How to complete this task: Each line from the one that contains "324日下午,集團公司總工程" to the end of the entries must be copied word for word, and only those lines.

Records from a data source:
* * *

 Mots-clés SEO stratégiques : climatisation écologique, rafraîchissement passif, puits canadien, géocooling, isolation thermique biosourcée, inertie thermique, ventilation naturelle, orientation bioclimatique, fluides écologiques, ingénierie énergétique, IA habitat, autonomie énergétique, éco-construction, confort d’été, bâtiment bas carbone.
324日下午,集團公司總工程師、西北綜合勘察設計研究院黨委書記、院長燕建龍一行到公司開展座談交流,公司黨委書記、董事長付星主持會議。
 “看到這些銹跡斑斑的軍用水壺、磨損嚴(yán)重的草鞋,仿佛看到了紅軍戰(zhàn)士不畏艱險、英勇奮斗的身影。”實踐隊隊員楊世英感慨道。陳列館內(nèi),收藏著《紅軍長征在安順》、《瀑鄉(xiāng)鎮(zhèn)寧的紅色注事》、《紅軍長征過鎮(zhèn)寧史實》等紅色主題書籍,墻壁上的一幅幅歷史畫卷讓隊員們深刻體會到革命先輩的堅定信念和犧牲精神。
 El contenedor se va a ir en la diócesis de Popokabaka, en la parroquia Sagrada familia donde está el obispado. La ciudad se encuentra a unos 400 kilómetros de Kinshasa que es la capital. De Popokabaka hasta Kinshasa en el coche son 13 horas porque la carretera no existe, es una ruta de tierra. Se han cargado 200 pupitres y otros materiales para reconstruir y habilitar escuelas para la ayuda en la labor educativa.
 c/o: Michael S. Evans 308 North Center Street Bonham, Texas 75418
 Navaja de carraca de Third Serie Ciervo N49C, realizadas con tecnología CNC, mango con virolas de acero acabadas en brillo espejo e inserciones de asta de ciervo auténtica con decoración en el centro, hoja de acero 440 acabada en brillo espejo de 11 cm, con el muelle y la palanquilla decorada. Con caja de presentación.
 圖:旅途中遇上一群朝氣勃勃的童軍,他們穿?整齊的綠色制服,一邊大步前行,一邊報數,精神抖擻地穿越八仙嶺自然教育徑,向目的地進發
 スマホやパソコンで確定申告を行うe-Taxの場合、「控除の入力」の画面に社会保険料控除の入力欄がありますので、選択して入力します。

* * *

Exercise output:
324日下午,集團公司總工程師、西北綜合勘察設計研究院黨委書記、院長燕建龍一行到公司開展座談交流,公司黨委書記、董事長付星主持會議。
 “看到這些銹跡斑斑的軍用水壺、磨損嚴(yán)重的草鞋,仿佛看到了紅軍戰(zhàn)士不畏艱險、英勇奮斗的身影。”實踐隊隊員楊世英感慨道。陳列館內(nèi),收藏著《紅軍長征在安順》、《瀑鄉(xiāng)鎮(zhèn)寧的紅色注事》、《紅軍長征過鎮(zhèn)寧史實》等紅色主題書籍,墻壁上的一幅幅歷史畫卷讓隊員們深刻體會到革命先輩的堅定信念和犧牲精神。
 El contenedor se va a ir en la diócesis de Popokabaka, en la parroquia Sagrada familia donde está el obispado. La ciudad se encuentra a unos 400 kilómetros de Kinshasa que es la capital. De Popokabaka hasta Kinshasa en el coche son 13 horas porque la carretera no existe, es una ruta de tierra. Se han cargado 200 pupitres y otros materiales para reconstruir y habilitar escuelas para la ayuda en la labor educativa.
 c/o: Michael S. Evans 308 North Center Street Bonham, Texas 75418
 Navaja de carraca de Third Serie Ciervo N49C, realizadas con tecnología CNC, mango con virolas de acero acabadas en brillo espejo e inserciones de asta de ciervo auténtica con decoración en el centro, hoja de acero 440 acabada en brillo espejo de 11 cm, con el muelle y la palanquilla decorada. Con caja de presentación.
 圖:旅途中遇上一群朝氣勃勃的童軍,他們穿?整齊的綠色制服,一邊大步前行,一邊報數,精神抖擻地穿越八仙嶺自然教育徑,向目的地進發
 スマホやパソコンで確定申告を行うe-Taxの場合、「控除の入力」の画面に社会保険料控除の入力欄がありますので、選択して入力します。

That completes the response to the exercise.